The pound’s rally lost steam shortly after yesterday’s BOE statement. Fortunately for pound bulls, BOE’s Vlieghe gave a hawkish message earlier today that gave the pound another bullish infusion.
The risk-off vibes in Europe, meanwhile, were unable to provide support to the safe-haven yen, since yen pairs were apparently taking directional cues from bond yields.
- Euro Zone trade balance: €18.6B vs. €20.3.B expected, €21.7B previous
- U.S. retail sales report coming up
BOE’s Vlieghe speaks (so listen)
BOE MPC Member Gertjan Vlieghe, who’s well known as a bit of a dove, gave a rather long and highly technical speech earlier today.
Vlieghe’s speech was largely inconsequential until he revealed near the end that he has shed his dovish feathers because of the recent economic data.

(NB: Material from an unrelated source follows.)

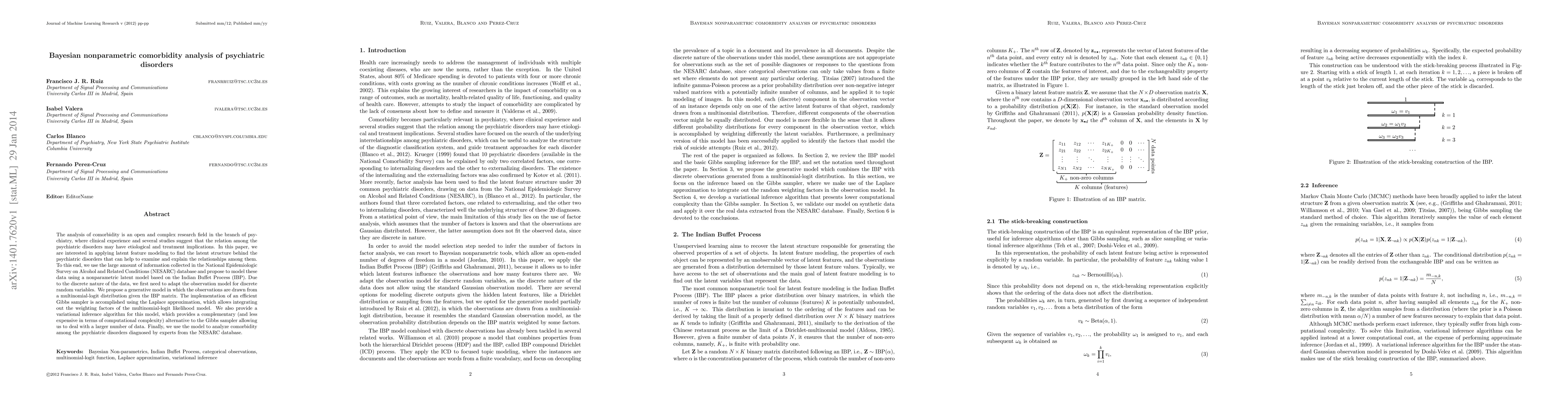 This paper applies Bayesian nonparametric latent feature modeling to analyze comorbidity among psychiatric disorders using the NESARC database. It employs the Indian Buffet Process with a multinomial-logit observation model and uses both Gibbs sampling and variational inference for efficient computation to uncover underlying relationships among disorders.

To quote directly from the man himself:
“Until recently, I thought the appropriate response of monetary policy was to be patient, given modest growth and subdued underlying inflationary pressure. But the evolution of the data is increasingly suggesting that we are approaching the moment when Bank Rate may need to rise.”
Moreover, Vlieghe also reiterated yesterday’s hawkish BOE message by saying that there “might be” a rate hike “as early as in the coming months.”
“If these data trends of reducing slack, rising pay pressure, strengthening household spending and robust global growth continue, the appropriate time for a rise in Bank Rate might be as early as in the coming months.”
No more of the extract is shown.